Evidence from 1 billion observations
Professor Per Pettersson Lidbom, Stockholms University
Sweden, once a poor agrarian society, developed in less than a century into one of the world’s richest and most industrialized countries. Some contend that a culture of collective action facilitated this extraordinary transition, allowing Sweden to effectively provide the public goods necessary for a modern society to develop and for innovation to flourish. Others on the contrary argue that Sweden’s large and active state provides public goods inefficiently and further hinders growth by distorting incentives. This study makes progress on distinguishing between these views by assembling a rich dataset which maps local public good provision across Sweden over almost 100 years, which we then use to evaluate how public good provision contributed to economic development. Our focus is local governments, who were historically responsible for a large share of public good provision in Sweden. We exploit a remarkable and almost unstudied archive of yearly local government records.

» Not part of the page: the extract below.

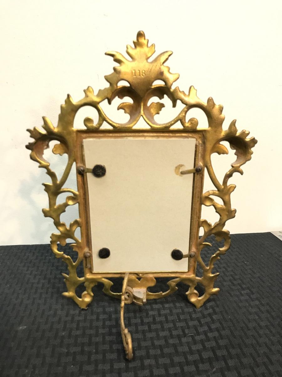 Antique filigree Regency style metal frame. Good condition. Holds a 5x7 photo.

Currently stored in the Swedish National Archives, access to these data remains severely limited, requiring physical presence in the archives themselves. In this study, we will process raw data from an earlier digitization project into an accessible database which we will make broadly available to the Swedish and international community. The final dataset will cover 500 observations for all Sweden’s 2500 municipalities, annually between 1860 and 1950, or 1 billion data points over the entire period.